Kommentar von Sven-Michael Veit zum G20-Gipfel: Protest – legitim und hilflos
Es wäre ein hoher Preis, Hamburg über Wochen in einen Hochsicherheitstrakt zu verwandeln
Natürlich ist es legitim, wenn die Mächtigen der Welt sich treffen, um darüber zu reden, wie sie sich den Planeten weiterhin Untertan machen können. Lässt sich beides ohnehin nicht verhindern. Und selbstredend ist auch Protest legitim, wenn auch vermutlich hilflos: gegen die Plünderung der Ressourcen, gegen das Nichtstun in Sachen Klimawandel, gegen die Unterdrückung von Individuen oder gar Völkern.
Soll also der G20-Gipfel kommendes Jahr in Hamburg stattfinden und der dazugehörige Gegengipfel ebenso. Dabei könnte man es als Nichteingeladener schulterzuckend bewenden lassen – wenn da nicht die Sicherheitsfrage wäre: Die Stadt über Wochen in einen Hochsicherheitstrakt zu verwandeln, weil hier die Mächtigen miteinander verhandeln – das wäre ein hoher Preis.
Und sogar der wäre angemessen – unter Berücksichtigung des Arguments, dass man vor dem Terror nicht weichen dürfe. Ein Gipfel ist ein potenzielles Anschlagsziel, und Fanatiker gibt es überall, so ist nun mal die Welt. Der Preis wäre allerdings zu hoch unter Berücksichtigung des Arguments, dass die Freiheitsrechte der betroffenen Anwohner schwerer wiegen müssen als das Interesse der Gipfelteilnehmer an körperlicher und seelischer Unversehrtheit – so sehr dies auch subjektiv nachvollziehbar ist.
Und hier stößt die praktische Politik eines global eher bedeutungslosen Stadtstaats an ihre Grenzen. Seine Souveränität muss Hamburg im kommenden Jahr faktisch an die Geheim- und Sicherheitsdienste mehr oder minder befreundeter Großmächte abtreten – Rote Flora hin, Grünen-Regierungsbeteiligung her. Welche Verwerfungen das hinterher im politischen Gefüge der Stadt hinterlässt, ist derzeit nebensächlich.

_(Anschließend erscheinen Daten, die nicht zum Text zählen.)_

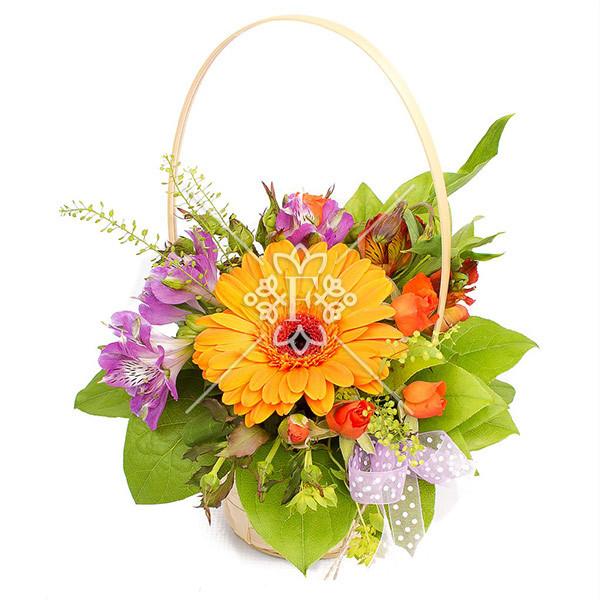 гербера жёлтая – 1 шт., роза кустовая оранжевая – 1 шт., альстромерия сиреневая – 1 шт., альстромерия красная – 1 шт., декоративная зелень, оазис, корзина малая, лента. На фото.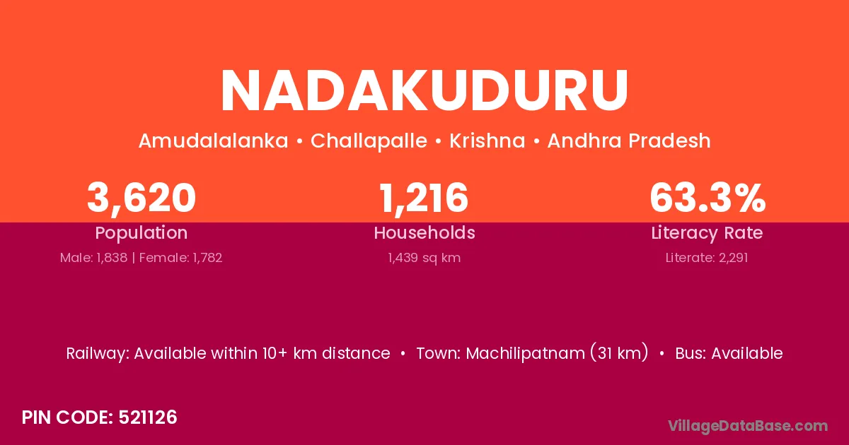 Nadakuduru village has a total population of 3,620 people, of which 1,838 are males and 1,782 are females.

Da ist es gut und richtig, wenn der grüne Justizsenator Till Steffen jetzt schon warnend seine Stimme erhebt. Aber sollte der Gipfel nicht friedlich über die Bühne gehen, dann werden auch in Hamburg Bürger- und vielleicht sogar Menschenrechte auf dem Altar der Globalisierung geopfert werden.